The Vieiras ran an auto repair shop for many years. Now they’re retired and have nowhere near the $20,000 it would take to drill a new well.

“My husband’s 75 and I’m 70. We live on a fixed income," says Vieira. "We’re not asking for a handout. We just need help."

 But the Vieiras have slipped through the safety net. The state provides drought assistance to small, rural community water systems, but not for private property owners who rely on their own wells.

“No one has thought about domestic well owners,” says Vieira. “Which is a real shame, because there’s thousands of us, and water is a necessity. You have to have it to live.”

The USDA offers some limited federal grants and loans for extremely low-income individuals with water wells, but nothing for middle-class folks.

 “ ’Cuz if you’re super rich, you got the money. If you’re super poor, you qualify for the grants. But we’re in between. We’re the middle class, and now we’re old!” Vieira laughs.

That’s exactly the population Stanislaus County is trying to help.

“Water is such a basic necessity of life,” says Stanislaus County Supervisor Bill O’Brien. “Someone doesn’t have water, can’t get a new well, you know, we feel there’s a moral obligation to step in and do something to help ‘em. “

O’Brien and his colleagues -- who are all fiscal conservatives -- unanimously decided to dig into county coffers to set up a program to help people whose wells are going dry.

O'Brien says this is not a handout. It’s a loan to be paid back with interest -- at a very attractive 1 percent interest rate. Loan applicants have to put liens on their homes to qualify.

“The taxpayer is protected. And that’s why I think you saw a conservative Board of Supervisors approve this program,” says O’Brien.

The money comes from a county economic development bank fund. And O’Brien says this project fits that mission.

“It’s really to fund things to spur the economy. If someone doesn’t have water, that’s part of the economy as well. If they have to move out of county, they’re not spending money at the local businesses,” he explains.

The pilot phase allots only $200,000, which will pay for loans to dig only about 10 wells. No one knows for sure how many wells are going dry in the county, but O’Brien estimates about 100,000 people -- a fifth of Stanislaus County’s population -- rely on domestic wells.

Still, Noe Paramo of California Rural Legal Assistance Foundation says he’s glad to see the supervisors stepping up to provide a local safety net.

“This critical issue of groundwater depletion has hit home. And it’s affecting their constituents, who vote with their feet,” says Paramo.

But he wants to make sure less vocal residents, such as Spanish speakers or those without Internet access, will also be able to apply for loans.

Paramo also notes that county supervisors delicately avoided the issue of whether all the new wells drilled on profitable almond farms in the county may be responsible for sucking down the groundwater.

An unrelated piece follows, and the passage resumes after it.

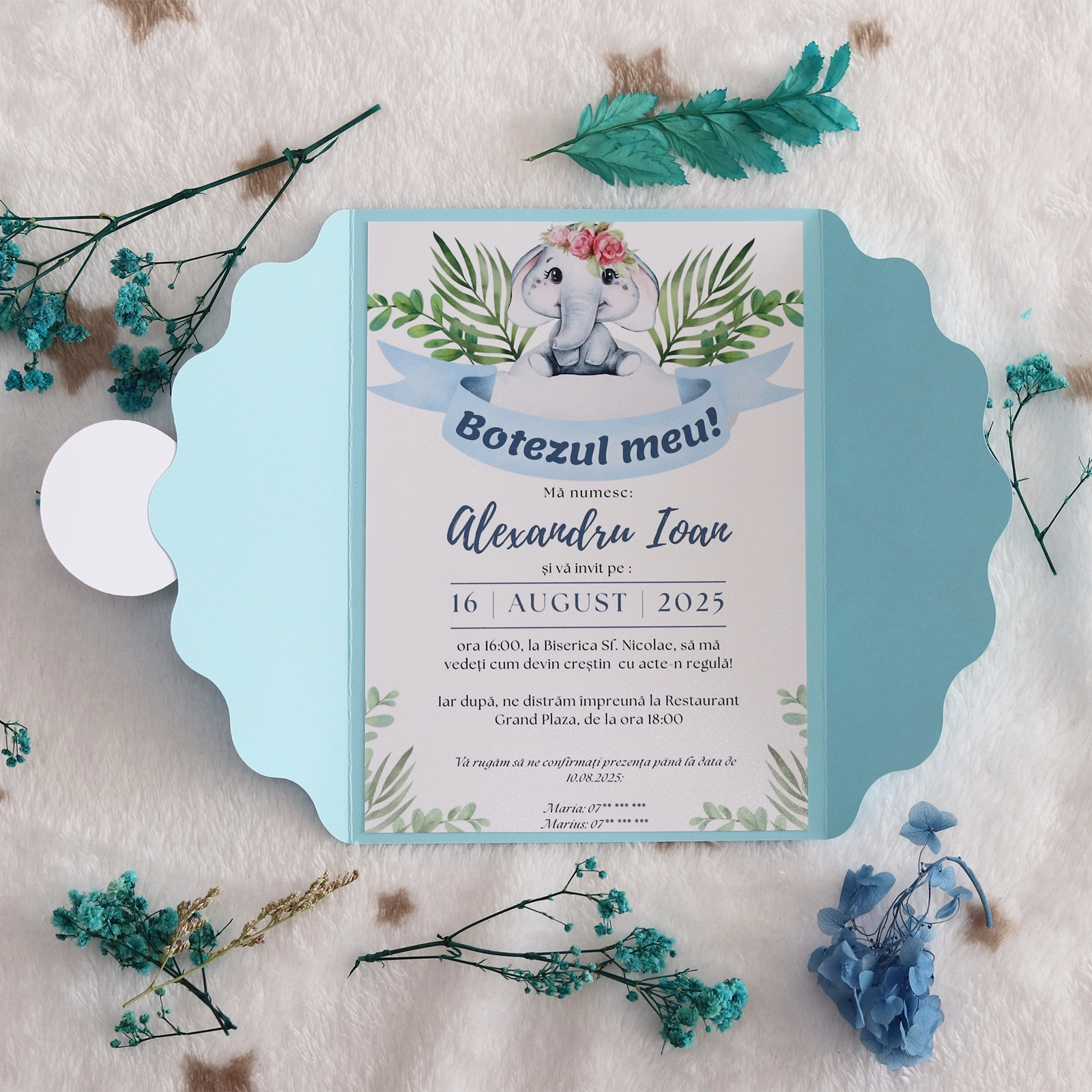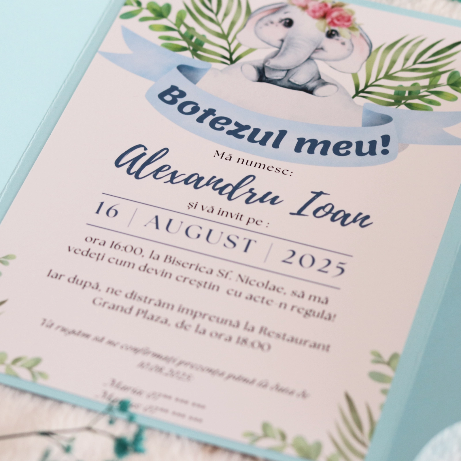 Ideală pentru botezurile de băieței, această invitație de botez cu elefant și plic albastru transmite delicatețe, grijă și emoție – o amintire pe care familia o va păstra cu drag.

 “The crop has gone through the roof. You read it in the paper, how much money they’re making," he said. "Even if they don’t acknowledge that they are responsible for depleting it, they should be good stewards and good neighbors and help neighbors out.”

His idea: have farmers set up a fund to help their residential neighbors drill household wells, so the county isn’t the only one lending a hand. But that idea is pretty unlikely to fly with growers.